We can have a macro for conditional compilation for incompatible architectures, I just called it, target_architecture
, but that is a strawman:
// Conditional compilation for x86
#[cfg(target_architecture(x86))] {
// Detect the features at run-time and initialize a static function pointer
// with the appropriate algorithm implementation:
lazy_static! {
static ref SOME_ALGORITHM_IMPL: fn(...) -> ... =
if avx_enabled() {
some_algorithm_avx_impl
} else if sse42_enabled() {
some_algorithm_sse42_impl
} else {
some_algorithm_fallback_impl
}
};
}
Note how this code doesn't have any target_feature
flags, since it is not doing anything "feature" specific, it is just setting a function pointer.

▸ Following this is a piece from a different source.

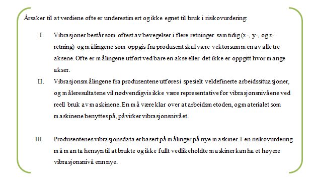Vibrasjonsdata fra leverandører er ikke egnet til bruk i risikovurdering.Verdiene er ofte en underestimering av den reelle eksponeringen en ser ute i felt og kan fører til en overeksponering av arbeidstakerne for hånd arm vibrasjoner (se parentes nedenfor). Flere aktører tar hensyn til denne usikkerheten ved å bruke en korreksjonsfaktor på 1,5 eller 2.

In the same way, we can add the code for ARM:
// conditional compilation for ARM
#[cfg(target_architecture(ARM))] {
lazy_static! {
static ref SOME_ALGORITHM_IMPL: fn(...) -> ... =
if neon_enabled() {
some_algorithm_neon_impl
} else {
some_algorithm_fallback_impl
}
};
}
and the code for other architectures:
// conditional compilation for not X86, ARM
#[cfg(!target_feature(x86), !target_architecture(ARM))] {
// no need to use lazy static here:
static SOME_ALGORITHM_IMPL: fn(...) -> ... = some_algorithm_fallback_impl;
}
Now we implement the algorithm for all architectures, it just forward to the function pointer:
// The algorithm just uses the function pointer
fn some_algorithm(args...) -> ... {
SOME_ALGORITHM_IMPL(args...)
}
And now we use the target_feature
macros combined with the target_architecture
macros to generate the code of the different implementations:
// For X86
#[cfg(target_architecture(x86))] {
// Different implementations of the functions are generated by the compiler
#[target_feature(AVX)]
fn some_algorithm_avx_impl(args...) -> ... {
// Might use AVX features (and probably SSE42, since AVX is a strict superset)
}
#[target_feature(SSE42)]
fn some_algorithm_sse42_impl(args...) -> ... {
// Might use SSE42 features, cannot use AVX features (compiler error) c
}
}
// For ARM
#[cfg(target_architecture(ARM))] {
#[target_feature(NEON)]
fn some_algorithm_neon_impl(args...) -> ... { }
}
// The fallback is generated for all architectures
fn some_algorithm_fallback_impl(args...) -> ... {
// Compiler should error if user tries to use any target features here
}
Note how one must use #[target_feature(...)]
on the functions to enable the features for the whole function. That should be just sugar for:
fn name(...) -> ... {
#[target_feature(...)] {
// body
}
}
This should work very similarly to the current way in which code is conditionally included depending on enabled target features:
// This works in Rust today (in nightly)
pub fn pext<T: IntF32T64>(x: T, mask_: T) -> T {
if cfg!(target_feature = "bmi2") { // compile-time condition
unsafe { intrinsics::pext(x, mask_) }
} else {
alg::bmi2::pext(x, mask_)
}
I said before that in the feature blocks the compiler should not use features not supported even if the binary target is set to use those features, but I think that does not make sense. The compiler will use those features everywhere else, so the binary cannot work in targets that don't support those anyways.